Public Health Issue:
According to Florida Statutes, “outbreaks of any disease… found in the general community or any defined setting (e.g., hospital, school)” are reportable to the local health department. Communicable disease reporting exists to protect the public’s health, and to monitor the extent of disease in the community so that an emergency situation can be identified and addressed. For surveillance to be effective, communicable disease reporting must be timely and consistent. Epidemiology staff at DOH-Manatee have identified a lack of accessible information regarding the importance of outbreak reporting and first steps for infection control in settings such as schools and assisted living facilities (ALFs).
Goals and Objectives:
The Outbreak Information Packet (OIP) was developed to address the gaps in knowledge and practice related to the reporting of outbreaks by group care facilities in Manatee County. The OIP is meant to inform healthcare professionals in group care facilities of first steps in infection control recommendations as well as to encourage these facilities to report outbreaks by educating staff members on requirements of reporting as mandated by Florida Statutes.
The goals and objectives for developing, distributing, and implementing use of the DOH-Manatee Outbreak Information Packet are as follows:
Goal 1: Develop a comprehensive guide to the early stages of infection control and outbreak response for use by DOH-Manatee epidemiologists and staff in group care facilities including assisted living facilities, schools, and daycares.
Objective 1.1 Identify most common types of communicable disease outbreaks in group care facilities.
Objective 2.2 Identify best early practices for infection control of most common types of communicable disease outbreaks in group care facilities.
Goal 2: Distribute Outbreak Information Packet to group care facilities in Manatee County.
Objective 2.1 Identify all relevant group care facilities in Manatee County.
Objective 2.2 Engage group care facilities in order to provide education about how, why, and when to use the OIP.
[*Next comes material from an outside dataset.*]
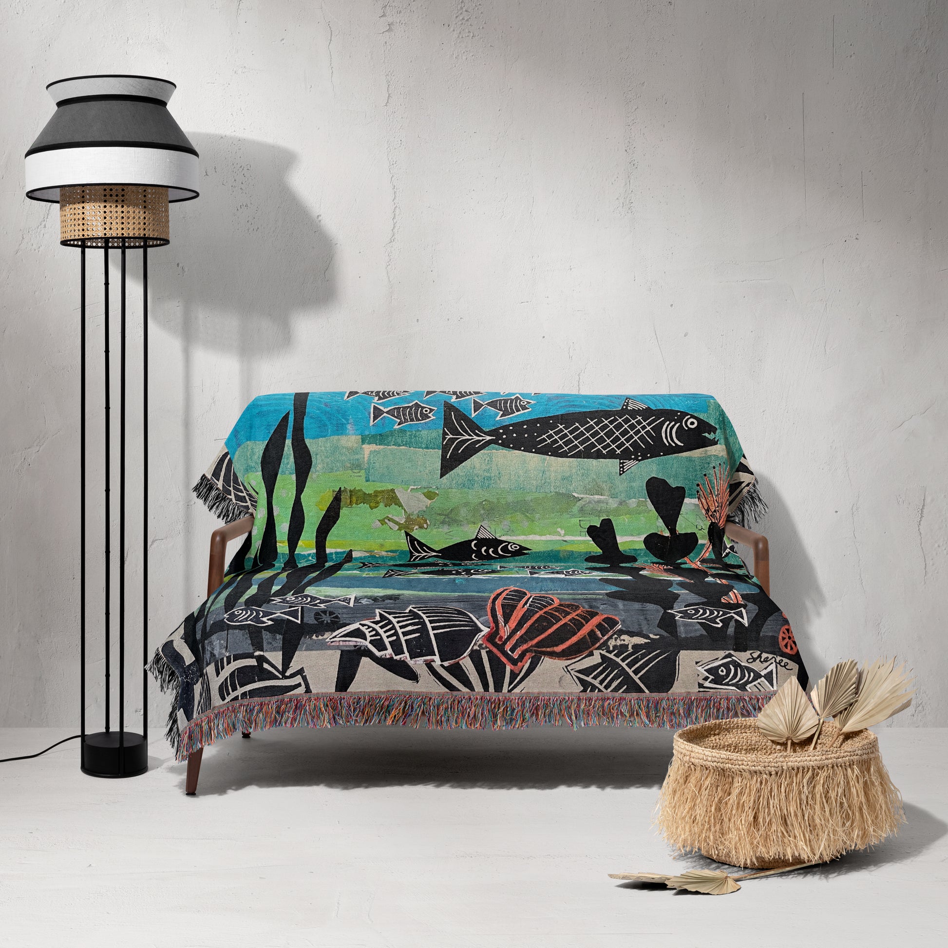 Our "By the Sea" Sailing-Ocean-Undersea-Life themed collage is a playful nod to all things seaside. Imagine yourself in a sailboat gently floating in a calm sea while flying and swimming things travel above and below. This custom woven (not printed) blanket will warm you on chilly nights and add a bit of color and charm to any beach house decor. Made of 100% pure cotton that is dyed in 6 subtle colors, it's easy care and can go from the sofa to the sandy beach - just toss it in the machine when needed.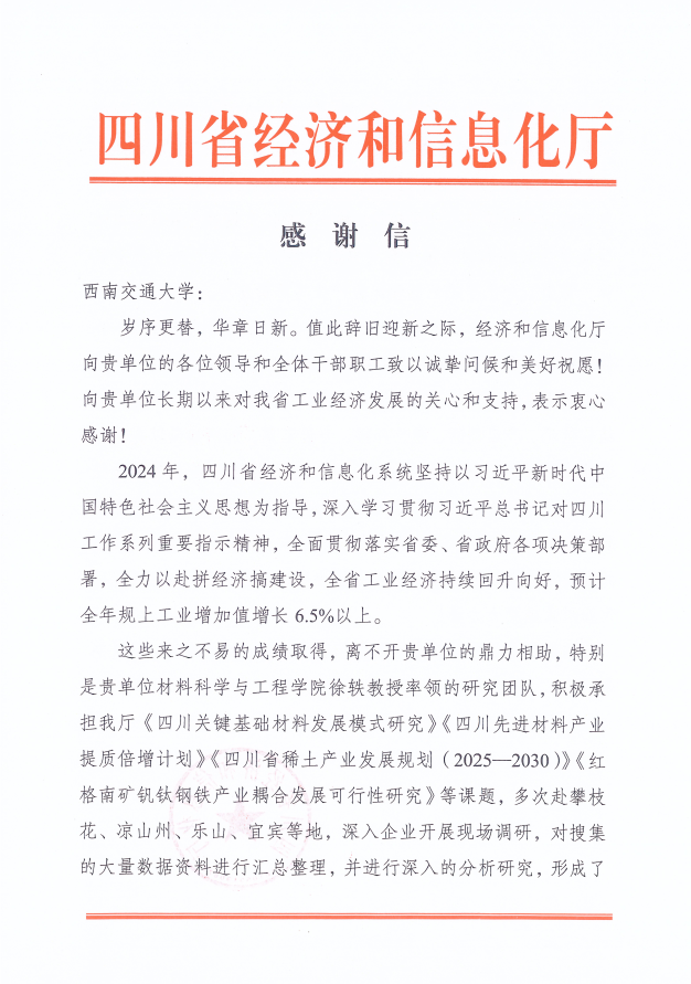 近日,西南交通大学收到一封来自四川省经济和信息化厅发来的感谢信,对大发在线体育投注平台

Implementation and Activities:
To develop the OIP, epidemiology staff determined the most common types of outbreaks. This resulted in the OIP comprising of three sections: 1) gastrointestinal, 2) influenza-like, and 3) rash-like illnesses. Letters including the importance of outbreak reporting, HIPAA, and the role of DOH-Manatee were added. Each section contains isolation, diagnostics, and cleaning recommendations. When an epidemiologist at DOH-Manatee is notified of a communicable disease outbreak in a group care facility, they can then use the OIP to initially address infection control measures depending on the outbreak. Then, in turn, the group care facility can also utilize the OIP to further implement infection control measures as well as coordinate any necessary specimen collection and data entry that could be helpful to inform the investigation.
Results and Outcomes:
Since January 2016, the OIP has been utilized during multiple outbreak responses including: a gastrointestinal illness in an ALF; and two influenza-like illnesses (ILIs) in a preschool and elementary school. For the gastrointestinal illness outbreak, epidemiology staff used the OIP for guidance on infection control measures. The ILI outbreaks used two pieces of the OIP, including the Florida Statute about reporting and line lists. During each outbreak scenario the OIP was easily accessible, and able to be quickly utilized to address the outbreak.
Public Health Impact:
These materials facilitated the reporting process, provided initial infection control measures for use by the facility, and improved the response from DOH-Manatee. Having concise information about measures that can effectively control outbreaks made DOH-Manatee’s response faster, more thorough, and more impactful.
Website:
http://www.manatee.floridahealth.gov
Responsiveness and Innovation
A Model Practice must be responsive to a particular local public health problem or concern. An innovative practice must be (1) new to the field of public health (and not just new to your health department) OR (2) a creative use of an existing tool or practice, including but not limited to use of an Advanced Practice Centers (APC) development tool, The Guide to Community Preventive Services, Healthy People 2020 (HP 2020), Mobilizing for Action through Planning and Partnerships (MAPP), Protocol for Assessing Community Excellence in Environmental Health (PACE EH). Examples of an inventive use of an existing tool or practice are: tailoring to meet the needs of a specific population, adapting from a different discipline, or improving the content.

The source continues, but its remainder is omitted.